• WHAT YOU NEED TO DO: Transcribe the entries that come next exactly, but not the pictures they contain.

(Records excerpted from a collection)
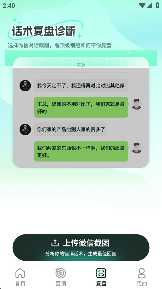 复盘功能:除了智能回复外,成交输入法还提供了复盘功能。通过扫描聊天截图或手动输入对话内容,软件会自动解析对话内容,帮助销售人员发现并改进错误的话术。这一功能特别适合销售小白,可以帮助他们总结经验教训,提升销售技巧。
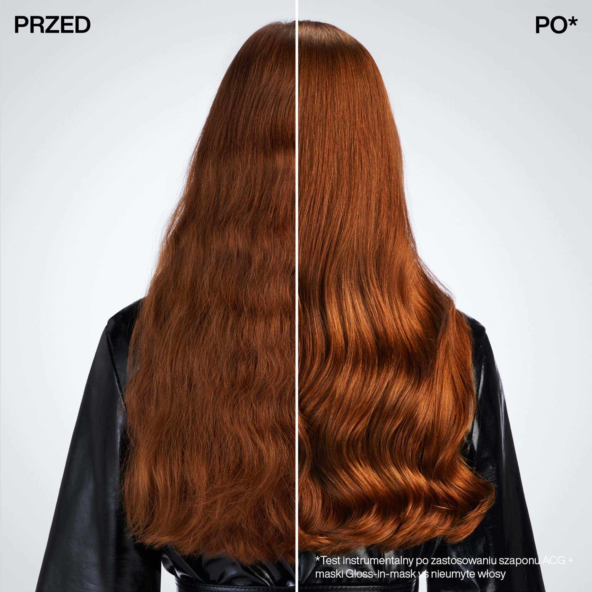 *Test instrumentalny po zastosowaniu systemu Acidic Color Gloss szampon i maska Gloss-in-Mask vs nieumyte włosy.
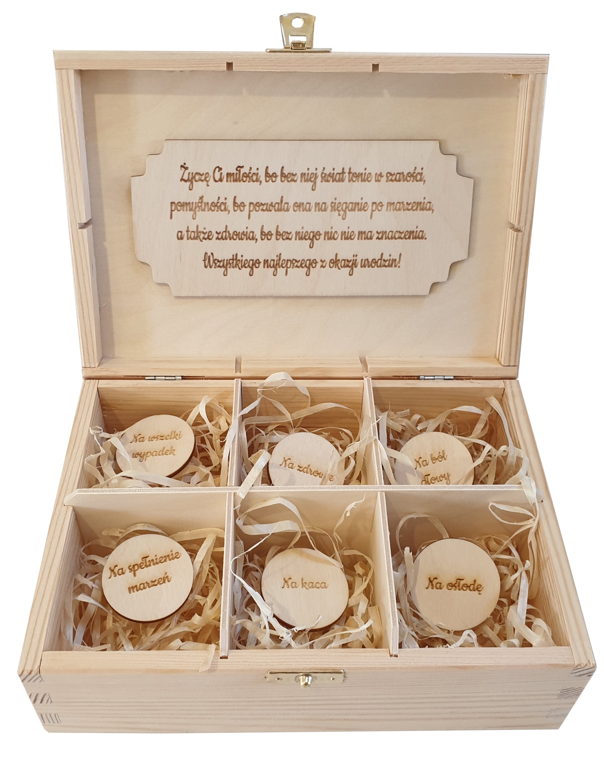 Pudełko z sześcioma komorami z zapięciem. Całość wykonana z drewna sosnowego oraz sklejki. Przegrody można wyciągnąć.
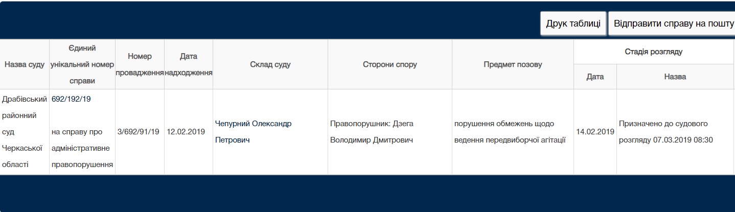 Окрім в того, у березні суд розглянув матеріали справи щодо адмінправопорушення щодо голови Драбівської районної ради Володимира Дзеги.
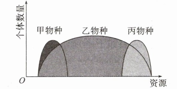 @@3. B 解析:生态位的分化是物种与物种之间及物种与环境之间协同进化的结果,A正确;荒漠群落的物种少、结构简单,各物种之间也会有少量的生态位重叠,B错误;乙物种占有的资源最多,生态系统遭到严重破坏后,更容易存活下来,C正确;若甲物种与乙物种资源重叠部分减少,其种间竞争会减弱,D正确。
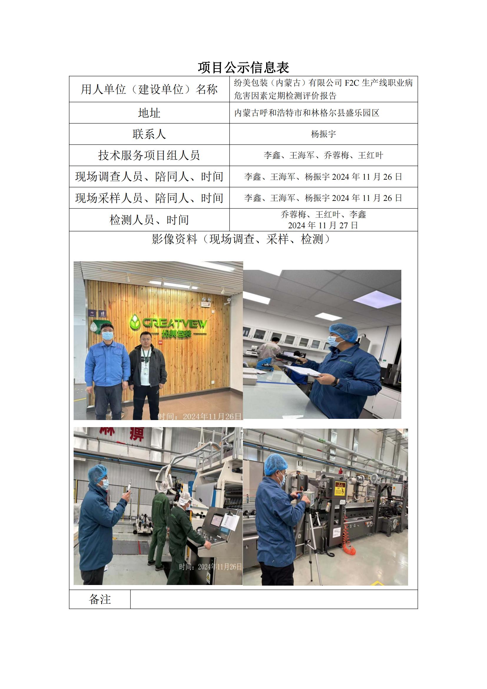 紛美包裝(內蒙古)有限公司 F2C 生產線職業(yè)病 危害因素定期檢測評價報告

• WORKED SOLUTION:
 复盘功能:除了智能回复外,成交输入法还提供了复盘功能。通过扫描聊天截图或手动输入对话内容,软件会自动解析对话内容,帮助销售人员发现并改进错误的话术。这一功能特别适合销售小白,可以帮助他们总结经验教训,提升销售技巧。
 *Test instrumentalny po zastosowaniu systemu Acidic Color Gloss szampon i maska Gloss-in-Mask vs nieumyte włosy.
 Pudełko z sześcioma komorami z zapięciem. Całość wykonana z drewna sosnowego oraz sklejki. Przegrody można wyciągnąć.
 Окрім в того, у березні суд розглянув матеріали справи щодо адмінправопорушення щодо голови Драбівської районної ради Володимира Дзеги.
 @@3. B 解析:生态位的分化是物种与物种之间及物种与环境之间协同进化的结果,A正确;荒漠群落的物种少、结构简单,各物种之间也会有少量的生态位重叠,B错误;乙物种占有的资源最多,生态系统遭到严重破坏后,更容易存活下来,C正确;若甲物种与乙物种资源重叠部分减少,其种间竞争会减弱,D正确。
 紛美包裝(內蒙古)有限公司 F2C 生產線職業(yè)病 危害因素定期檢測評價報告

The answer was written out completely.